Około 40 rakiet wystrzelono z terytorium Libanu, z czego część została przechwycona, a część spadła na otwartą przestrzeń, donosi izraelska armia. Hezbollah przyznał się do ataku, a wcześniej Siły Obronne Izraela poinformowały o zestrzeleniu dwóch dronów wyładowanych materiałami wybuchowymi przez Hezbollah. Wojsko wykorzystało system przeciwrakietowy „Żelazną Kopułę”, a syreny alarmowe w Galilei dały znać o zagrożeniu.
Ataki na Izrael z terytorium Libanu stają się coraz częstsze, zwłaszcza po październikowym ataku Hamasu. Ostatni atak przypisany Hezbollahowi jest odpowiedzią na działania Izraela, a Iran grozi dalszymi represjami po izraelskim ataku w Damaszku.

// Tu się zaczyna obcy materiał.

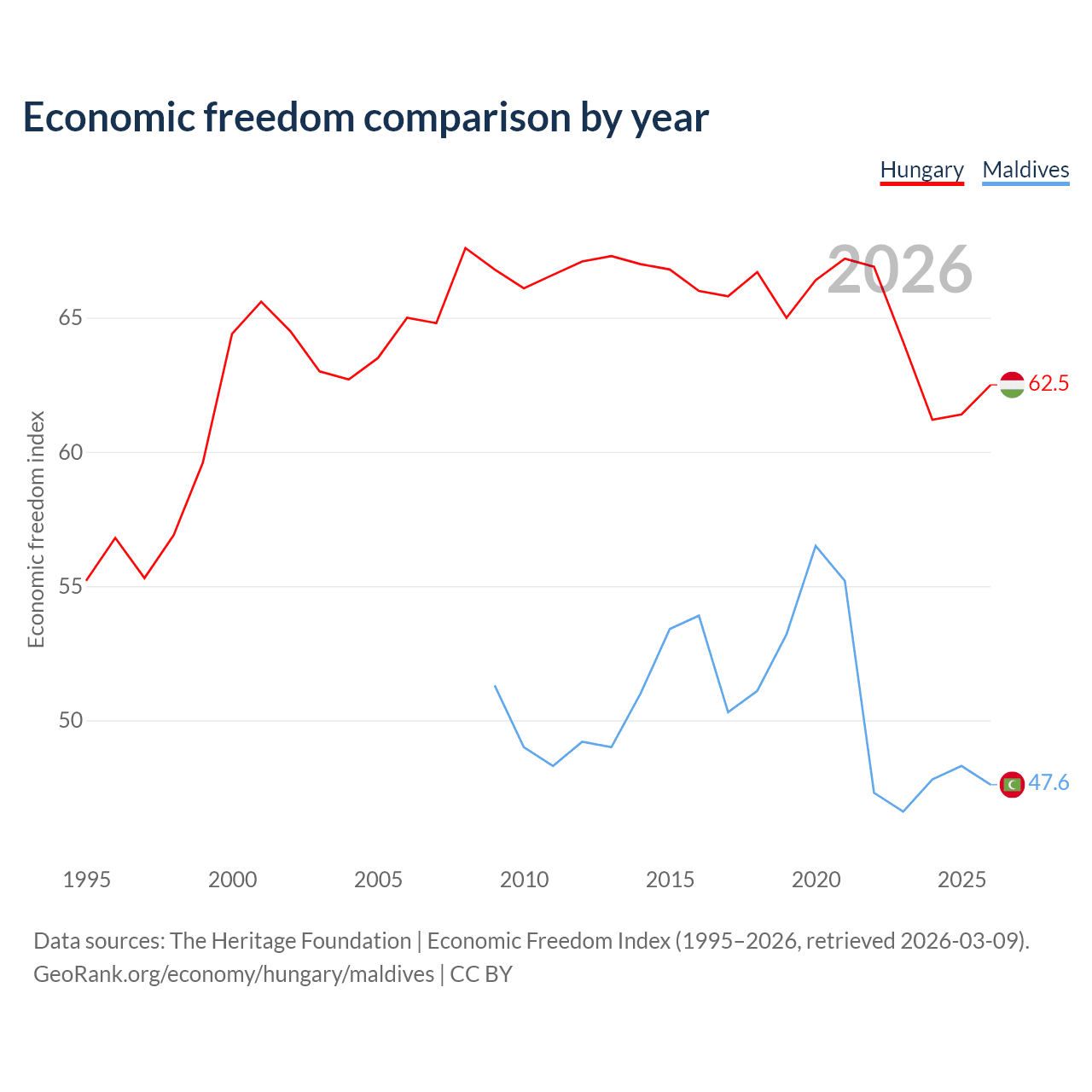 The Economic Freedom Index for Hungary is 62.5, ranking 86/197, compared to 47.6 for Maldives, ranking 174/197. The chart above displays a comparison of annual changes in economic freedom indexes.
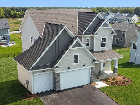Welcome to 922 Big Woods Drive, located in our charming Legacy Woods community in Delano, MN. This elegant two-story home offers 2,464 square feet of thoughtfully designed living space, 4 spacious bedrooms, 2.5 bathrooms, and a 3-car garage. Designed with the needs of our buyers in mind, this home blends comfort and style seamlessly. Step inside the inviting foyer that flows past a flex room and into an open-concept living area. The kitchen is a chef’s dream, showcasing quartz countertops, a large center island, stainless steel appliances, and ample cabinetry. The adjacent dining area and expansive family room provide the perfect space for entertaining, with a cozy fireplace and oversized windows that fill the room with natural light. Upstairs, you'll find the luxurious owner’s suite, complete with a private bath featuring dual vanities, a walk-in shower, and a sizable walk-in closet. 3 additional bedrooms, a full bathroom, and a convenient laundry room complete the upper level.
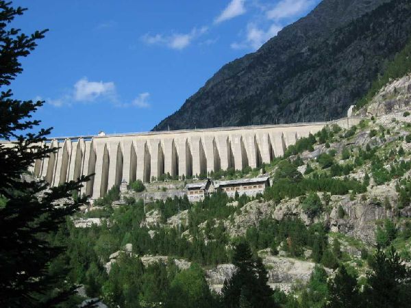 La muraille du barrage de Cavallers ferme la vallée de Caldes.
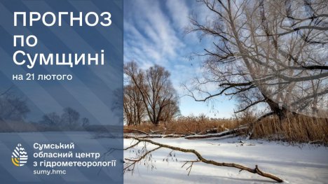 21 лютого температура по області вночі становитиме -13°..-18°, вдень -3°..-8°. У Сумах вночі очікується -13°..-15°, вдень -3°..-5°. Вітер буде змінних напрямків, 3-8 м/с.
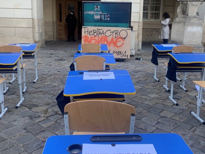 На площі Ринок вони встановили близько 40 шкільних парт, на яких розмістили плакати з гаслами. Вимога батьків – відновити очне навчання у школах. Вони кажуть, що діти вдома не можуть ефективно вчитися, особливо, якщо в родині кілька дітей і кожному з них для онлайн-навчання потрібен комп’ютер. Крім цього, батьки змушені залишатися вдома з першокласниками.
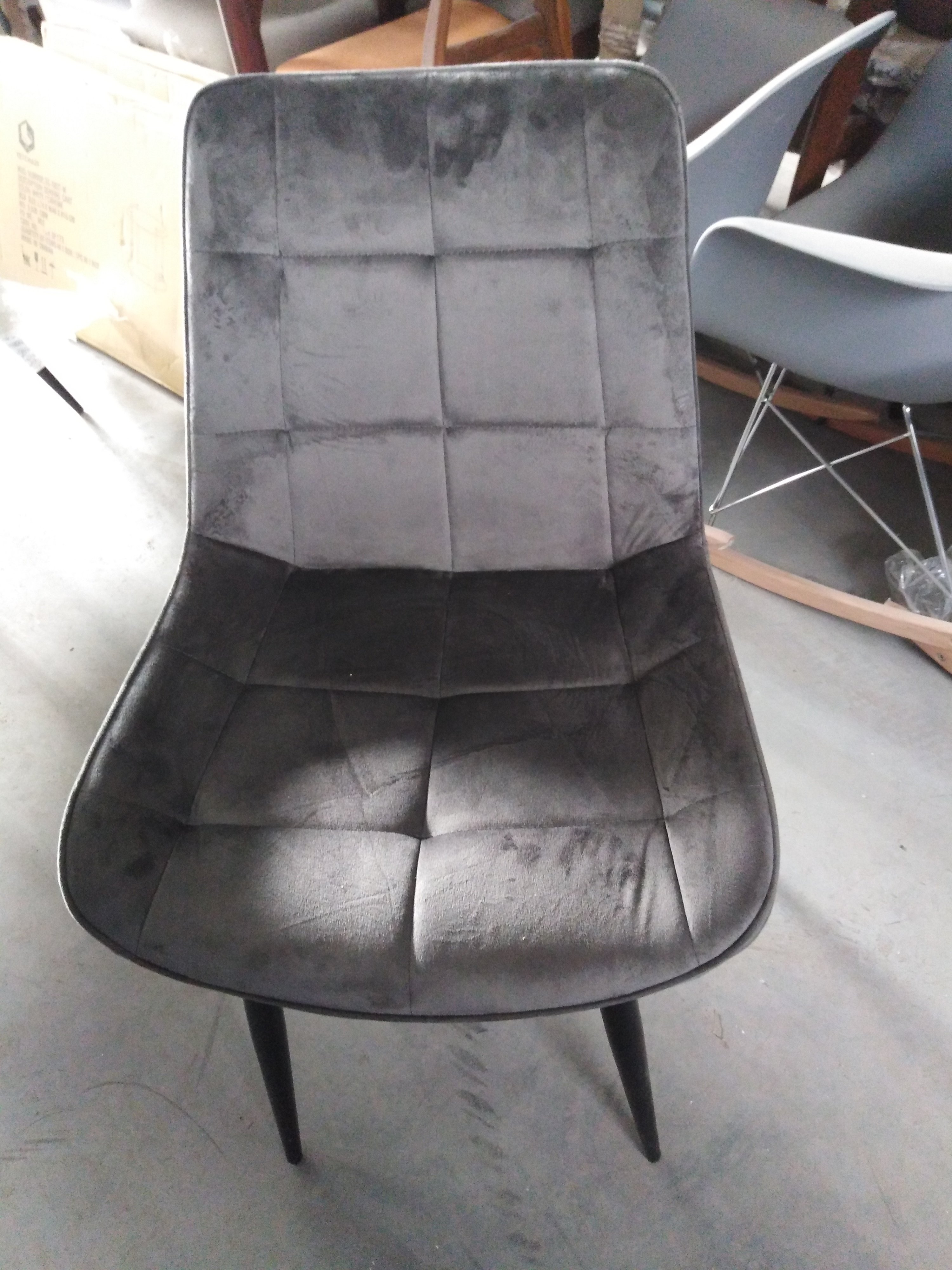 Описание дефекта: Стулья в собраном виде. Нарушение ЛКП на ножках. Потертости материала сидения.

Izrael nie przyznaje się do ataków, jednak sugeruje się, że był zaangażowany w operację, w której zginęło kilkanaście osób, w tym wysocy rangą irańscy dowódcy. CBS News donosi, że Teheran może wkrótce przeprowadzić kolejne ataki na cele wojskowe w Izraelu za pomocą rakiet i dronów.